# surviving the school run



## sarylou (Aug 6, 2006)

Thought seeing as most of us here dread the school run what you do to cope. 
Any tips for others?
What to say to people when they ask "do you not want more?" "when will #2 be coming ?" 
Or when you have had a bad day struggling to do the pick up and drop off come and tell us and we'll rally round and support you. 

I personally just dont know what to say to people when they ask about anymore. 
I say the timings not right or some other lame excuse. 
As for jordan he gave up asking for a brother 4 yrs ago and if i mention it he says "eugh no thank you they will annoy me"  

I also get to school when the bell has already rung and people are leaving so i dotn have to stand at the gates or in the playground i meet him at the gate. 

thats it from me for now. xxx


----------



## Keira (May 18, 2005)

Hi Sarylou

oh that dreading question -  I just say things like 'one child is enough' and they reply 'an only child is a lonely child'          I often think if I had 2 that question would stop but then again they might ask when are you having your 3rd.    I should be so lucky !!

Kx


----------



## sweetpeapodder (Feb 6, 2005)

hope it's ok that I respond? I still lurk on this board...

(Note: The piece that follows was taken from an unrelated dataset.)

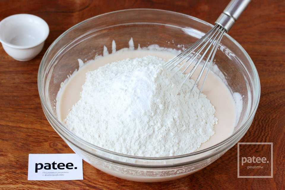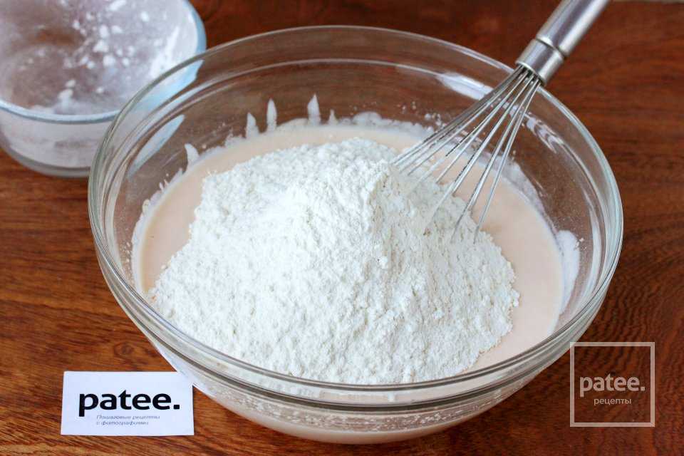 2. В жидкую основу просейте муку и еще раз вымешайте. Тесто должно получиться довольно густым, как на оладьи.

Once a mum said I was lucky to have just the one (this was about a month after my 2nd m/c). I just said that I had not chosen to have "just the one." 

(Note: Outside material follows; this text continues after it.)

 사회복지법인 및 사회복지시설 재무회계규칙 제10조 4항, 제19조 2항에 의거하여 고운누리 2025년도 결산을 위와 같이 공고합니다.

Now I get comments about having left such a long age gap between siblings....! (but I appreciate which is the worse comment)

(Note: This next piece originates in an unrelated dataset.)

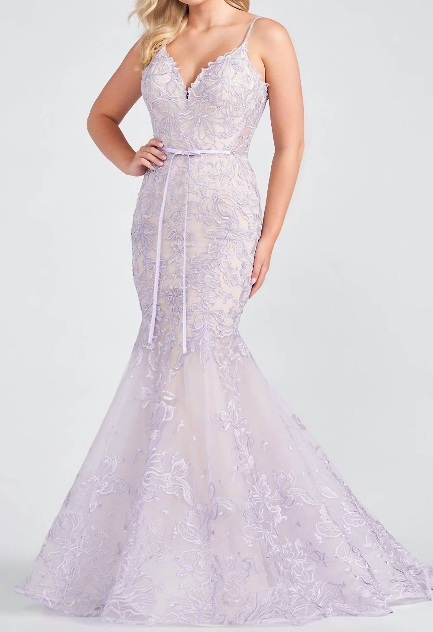 Just add a cute little clutch and a matching heel for the perfect event look. Make a dramatic entrance in this elegant gown, exquisitely embroidered with delicate floral details. Featuring a plunging V-neckline with slender straps and a midrise back, it offers a timeless yet alluring silhouette. The luxurious skirt flows gracefully, revealing floral accents as it cascades into a sweeping train. Perfect for your most special occasion, this gown is designed to captivate and enchant.

peeps with no experience of IF just don't think do they?


----------



## still_hoping (Jan 23, 2007)

I think that most people don't think when they open there mouth... I hate meeting new people a different reason, but for the same question.."how many kids do you have"... I hate having to answer .. I have 5,but one is in heaven. My dd died in Dec 05, when she was 7 weeks old. We were told when she was 4 days old that she would die before she was one. It was very hard, as I had my dd, but she was being taken away from me and I didn't know when. I would see others with their babies and it was horrible. I still find it really hard seeing pg women and babies. 
I know what you all think... because I have 4 already. But it really doens't matter how many you have. I miss my dd everyday and ttc is the only think that stops me from cracking up, But time is no longer on my side and I may never get the chance again. I hate the fact that it will be taken from me and there is nothing I can do about it.
I hate that question... well will you be having any more..........ahhhhhhhhh I get it aswell, and I also get..."god... you must be mad"... etc etc... so to be honost I don't think it matters how many you have.. you still get the "stupid comments"
If you have one it's..."well whens the next one"
If you have 2 boys/2 girls..."well you will be wanting a girl/boy next time..."
If you have 3...."you will be wanting a football team.."
They can't help themselves.. 
Please don't let "them" stop you from going to the school gate.. they aren't worth it.. All I do is...ignore the questiona and but in with something totally stupid.... eg "did you see Eastenders Last night"or " I was in Tesco and,....." anything but answer the  stupid questions.
Take Care
(((HUG)))
Bexx


----------



## kelway (Dec 9, 2006)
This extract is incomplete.